Prigozi folded the newspaper and shoved it into his coat pocket. A hideous peal of laughter burst from his lips.

Naomi and Moloch exchanged meaningful glances. The poet excused himself to take a walk.

Prigozi was easily persuaded to leave. On the way home they loitered before a number of dim-lit windows. A sign in a drugstore window, reading “Headquarters for drugs, trusses, and crutches,” attracted Prigozi’s attention. He was enthralled by it.

“I want a facsimile of that,” he shouted, dancing in front of the window and clapping his hands like a child clamoring for a bauble.

Arrived at his door, he turned to Moloch.

“You take Naomi home, but mind you, don’t take her in the
 
subway. It snows chloride of lime there. Psst!” (He put a finger to his lips.) “That keeps the galoots and buzzards away! Psst!”

Moloch escorted Naomi along Second Avenue in silence. It was only a few minutes’ walk from Prigozi’s place to hers. He intended to rush back to Prigozi immediately.

They passed once more the little Russian bookshop with a picture of Dostoevsky in the window. It was a veritable Christ reincarnated in the body of a moujik. Tears dropped languidly from the sockets of his eyes. Moloch tipped his hat, a gesture which, rapid and unobtrusive though it was, did not fail to catch Naomi’s eye.

The furnished room which Naomi called her home was situated on the third floor of an old brick house, above the “European” restaurant. The odor of the kitchen saturated the halls.

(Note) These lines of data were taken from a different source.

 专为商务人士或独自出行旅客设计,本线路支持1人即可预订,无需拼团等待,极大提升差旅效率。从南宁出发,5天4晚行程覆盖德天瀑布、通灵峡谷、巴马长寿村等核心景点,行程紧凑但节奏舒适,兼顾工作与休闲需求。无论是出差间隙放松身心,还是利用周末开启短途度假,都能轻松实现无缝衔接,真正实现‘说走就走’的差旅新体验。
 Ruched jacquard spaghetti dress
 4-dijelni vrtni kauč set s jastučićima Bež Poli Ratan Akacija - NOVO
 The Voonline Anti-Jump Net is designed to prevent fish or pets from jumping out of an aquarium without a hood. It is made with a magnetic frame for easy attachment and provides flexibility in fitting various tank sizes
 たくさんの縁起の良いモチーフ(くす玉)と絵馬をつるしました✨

He said good night to her at the vestibule and pressed her hand warmly. She permitted her hand to remain in his. As they stood there John Dos Passos’ gong of a moon came up over Wee-hawken.

Naomi had extracted a promise from him to call on her soon.

“When you come,” she said, “knock softly.”

Moloch now strode with rapid steps in the direction whence they had come. “Knock softly,” he repeated to himself, his shadow already visualized athwart her threshold. He wondered if Prigozi had slashed his throat in the meantime. This speculation did not prevent him from making a mental note to purchase a collar in the morning so that he might make himself presentable. Presently he stepped into a telephone booth. He always telephoned Blanche when he had a good excuse.